Record -> Clone -> Reinforce
The end-to-end SO101-Nexus workflow, from teleoperation demonstrations to a behavior-cloned policy fine-tuned with RL.
SO101-Nexus is built around one boring pipeline:
- Record demonstrations by teleoperating a simulated follower with a physical leader arm, saved as LeRobot datasets.
- Clone a policy from those demonstrations with behavior cloning (BC).
- Reinforce the cloned policy with RL fine-tuning (PPO), anchored to the demos.
This page walks the whole path on WarpPickLift-v1, the task with a published, seed-validated demo-seeded recipe. Each stage hands off one artifact to the next:
1. Record
A LeRobot dataset (a Hugging Face repo id).
2. Clone
A BC-pretrained actor, seeded from demo transitions.
3. Reinforce
A PPO checkpoint, fine-tuned with a persistent BC anchor.
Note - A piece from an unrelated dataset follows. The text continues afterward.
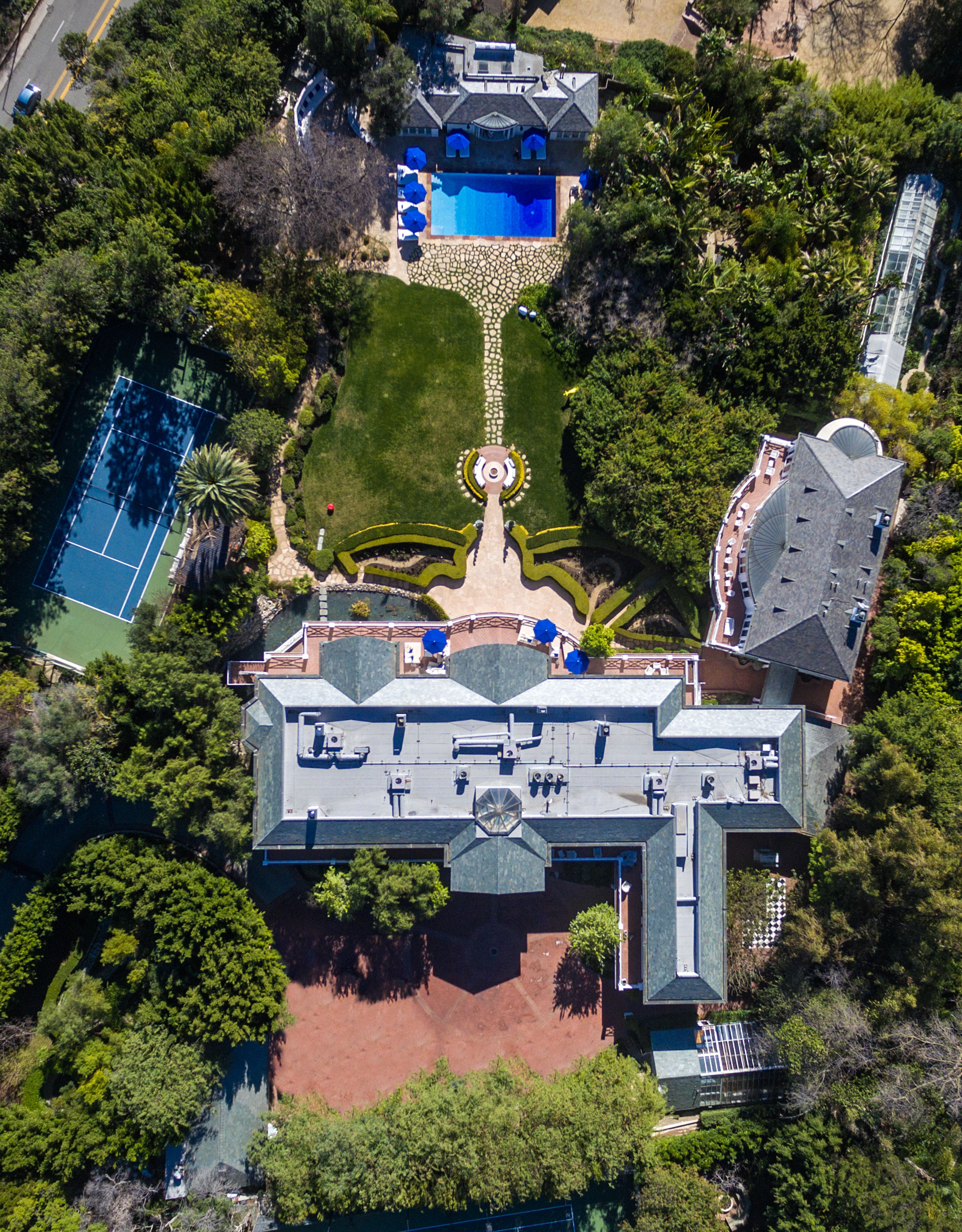 The Maison Du Soleil, a Holmby Hills mansion once owned by fashion designer Max Azria—whose influence still reigns in Hollywood in spite of his passing in 2019—is back on the market for a whopping $88 million. The architect Paul Revere Williams–lionized for projects like the Beverly Hills Hotel and residential designs for Golden Age luminaries like Lucille Ball and Frank Sinatra–designed the grandiose estate in the 1930s. With 30,000 square feet, this Sunset Boulevard home is never short of space, featuring 60 rooms plus a tennis court, a pool and pool house, a 6,000-square-foot movie theater, a fitness center and a bountiful supply of patio space in which to admire the gardens surrounding the estate.

No leader arm? Skip straight to stage 2 with the published
johnsutor/MuJoCoPickLift-v1
dataset. See the No-Hardware Quickstart.
The pipeline
1. Record demonstrations
Teleoperate a simulated SO-101 follower with a physical SO-100 or SO-101 leader arm. The recorder saves episodes as a LeRobot v3 dataset, ready to push to the Hugging Face Hub.
uvx --from "so101-nexus[teleop]" so101-nexus teleop \
--leader-port /dev/ttyACM0The artifact you carry forward is the dataset repo id (e.g. your-user/MuJoCoPickLift-v1).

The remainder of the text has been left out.